Publicado em: 13 de setembro de 2025
Sem cláusulas bem desenhadas, alerta Ilo Löbel da Luz, a jornada do passageiro vira um caminho cheio de pedágios jurídicos para a transportadora
ALEXANDRE PELEGI
Comprar passagem de ônibus pela internet hoje é tão comum quanto pedir comida por aplicativo. Mas, diferentemente da pizza que chega fria ou do hambúrguer sem batata, quando dá problema numa viagem de ônibus, a conta pode ser bem mais salgada — multas da ANTT, processos na Justiça e até crises de imagem.
É nesse ponto que entra o alerta do especialista Ilo Löbel da Luz: parcerias entre plataformas digitais e empresas de transporte não podem se apoiar só em comissões gordas e promessas de vendas crescentes. Sem uma cláusula de responsabilidades clara, o risco é transformar um bom negócio em uma dor de cabeça coletiva.
A digitalização do transporte rodoviário de passageiros trouxe novos canais de venda e ampliou o alcance de mercado das empresas. Parcerias com plataformas digitais de comercialização se consolidaram como estratégia para otimizar a ocupação e aumentar a receita.
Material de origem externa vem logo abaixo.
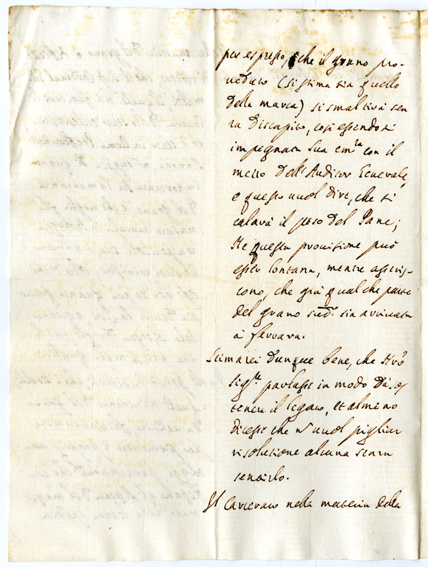 Pensiero espresso dal cardinale Spinola sul modo di gestire il problema dei grani in Bologna dal cardinale Grimaldi. Altre notizie (1700-1721)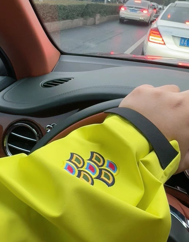 配色方面,以荧光黄搭配藏青色的大面积撞色,拉链和logo用红色点缀,看起来非常喜庆,确实很有“中国新年”的感觉。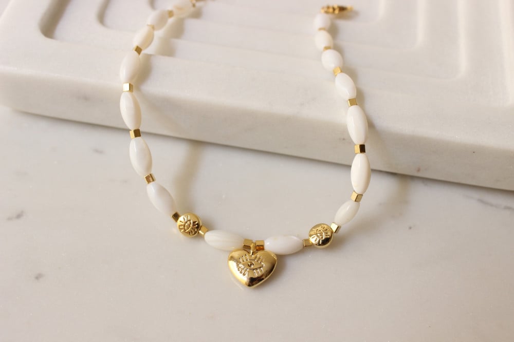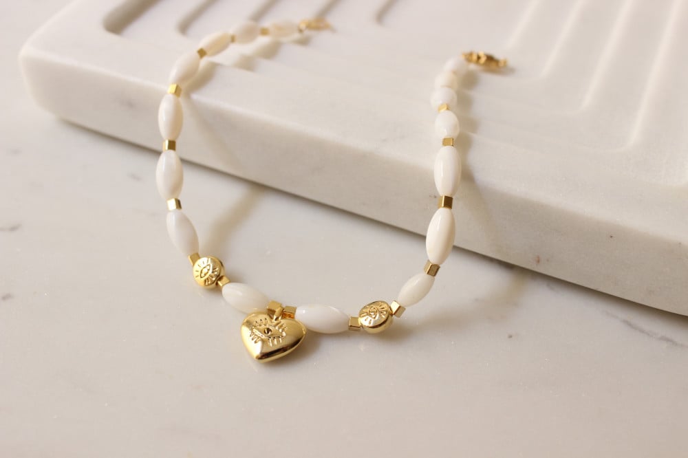خلخال خرز ابيض مع قلب ذهبي اكسسوار مطلي

No entanto, para Ilo, o êxito dessas alianças não deve ser medido apenas pelo volume de vendas, mas sobretudo pela solidez jurídica que sustenta a relação.
Segundo ele, o ponto central está na Cláusula de Delimitação de Responsabilidades, capaz de equilibrar riscos e definir fronteiras claras entre transportadoras e plataformas.
Riscos assimétricos
Ilo lembra que, em muitos contratos, as atenções iniciais recaem apenas sobre aspectos comerciais, como taxas de comissão. “O problema é que um contrato que não define com precisão as fronteiras de atuação gera assimetria perigosa”, adverte.
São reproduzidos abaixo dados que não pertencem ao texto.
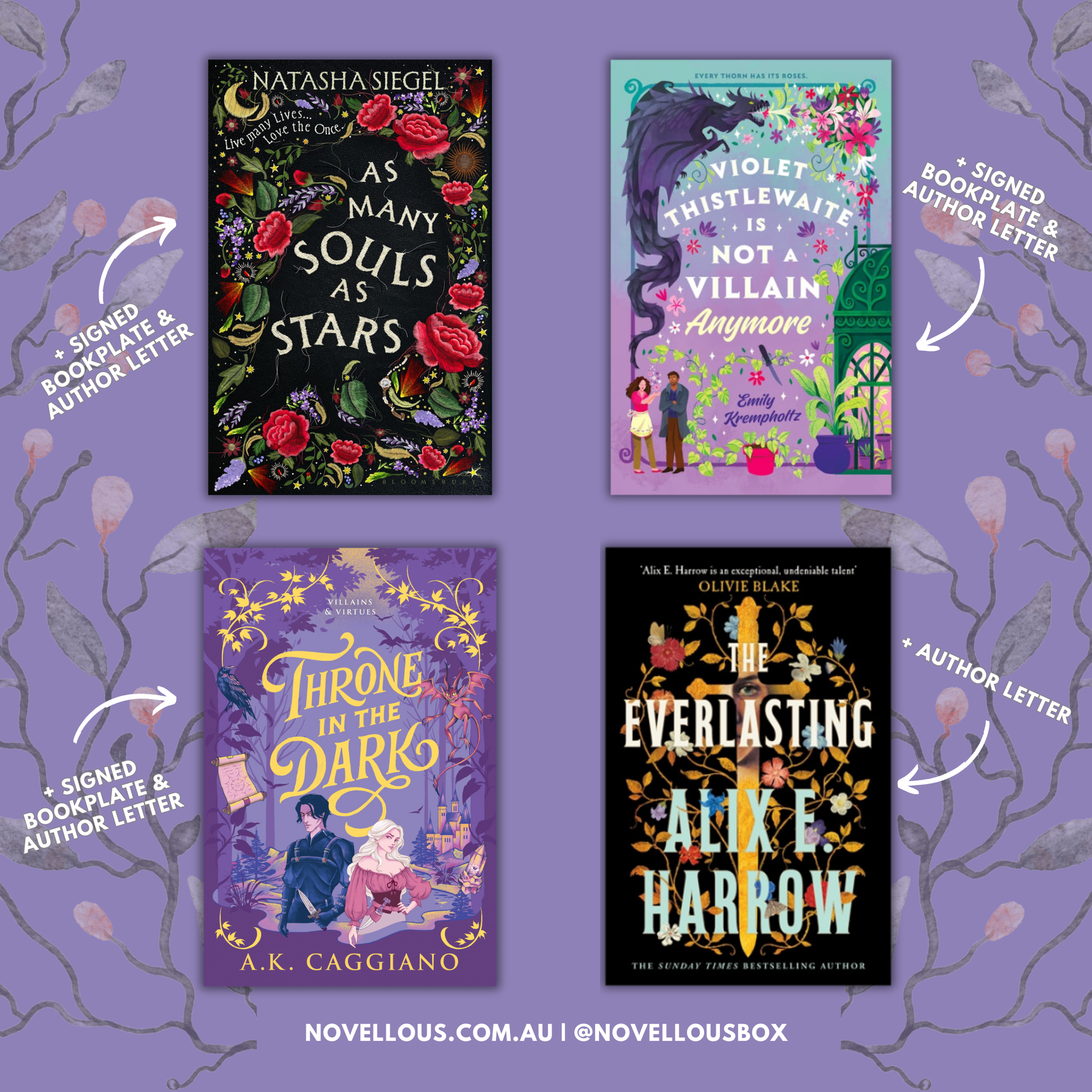 The paperback edition of VIOLET THISTLEWAITE IS NOT A VILLAIN ANYMORE by Emily Krempholtz (RRP $24.99) which comes with an author letter + signed bookplate. This book features a powerful plant witch and a grumpy alchemist who must work together to save their quiet town from a magical plague. Funny, cozy, emotional and redemptive.

Nesse cenário, a transportadora, que detém a outorga e executa a operação, tende a assumir sozinha os riscos regulatórios e operacionais, enquanto a plataforma se coloca como mera intermediária tecnológica.
A divisão prática de papéis é clara: a plataforma cuida da jornada de compra; a transportadora, da jornada do passageiro. “Sem contrato bem administrado, isso expõe a transportadora a vulnerabilidades significativas”, explica.
CDC e ANTT: responsabilidades não transferíveis
Pela ótica do Código de Defesa do Consumidor, prevalece a responsabilidade solidária, o que permite que o passageiro acione toda a cadeia de fornecedores. Já perante a ANTT (Agência Nacional de Transportes Terrestres), a responsabilidade primária e intransferível pela segurança, pontualidade e conformidade recai sobre a transportadora.
“Isso significa que falhas da plataforma — como overbooking por erro de sistema ou informações incorretas no bilhete — podem gerar prejuízos financeiros e de imagem que recaem desproporcionalmente sobre a empresa de transporte”, alerta o especialista.
Quatro pilares para contratos sólidos
Ilo Löbel da Luz defende que uma cláusula bem arquitetada não deve ser vista como desconfiança, mas como alicerce de uma aliança profissional. Ele aponta quatro pilares que precisam estar presentes:
Mapeamento das jornadas do consumidor: cada etapa deve ter responsável definido. Questões de pagamento e cancelamento cabem à plataforma; atrasos e bagagens, à transportadora. O contrato deve prever ainda mecanismos de rateio de custos em eventuais ações judiciais.
Fidedignidade das informações: a plataforma deve ter obrigações claras quanto à precisão e à atualização das informações, com penalidades em caso de falhas que gerem prejuízos ou multas.
Gestão de crises: em eventos de alta repercussão, como acidentes, é essencial um protocolo de comunicação para alinhar discursos e proteger a reputação de ambas as partes.
Autonomia regulatória da transportadora: o contrato deve assegurar que nenhuma prática imposta pela plataforma comprometa a conformidade da empresa junto à ANTT.
Parcerias resilientes, não frágeis
Para o especialista, a maturidade do setor de transporte se medirá pela sofisticação das parcerias. “Acordos focados apenas em potencial de vendas, sem arquitetura jurídica robusta, tendem a ser frágeis e conflituosos”, resume.
Na avaliação de Ilo, uma parceria de sucesso não se mede pelo curto prazo, mas pela resiliência e pelo valor que constrói no longo prazo. A atenção dedicada à cláusula de responsabilidades é, em sua visão, o que distingue um simples contrato comercial de uma aliança estratégica projetada para o futuro.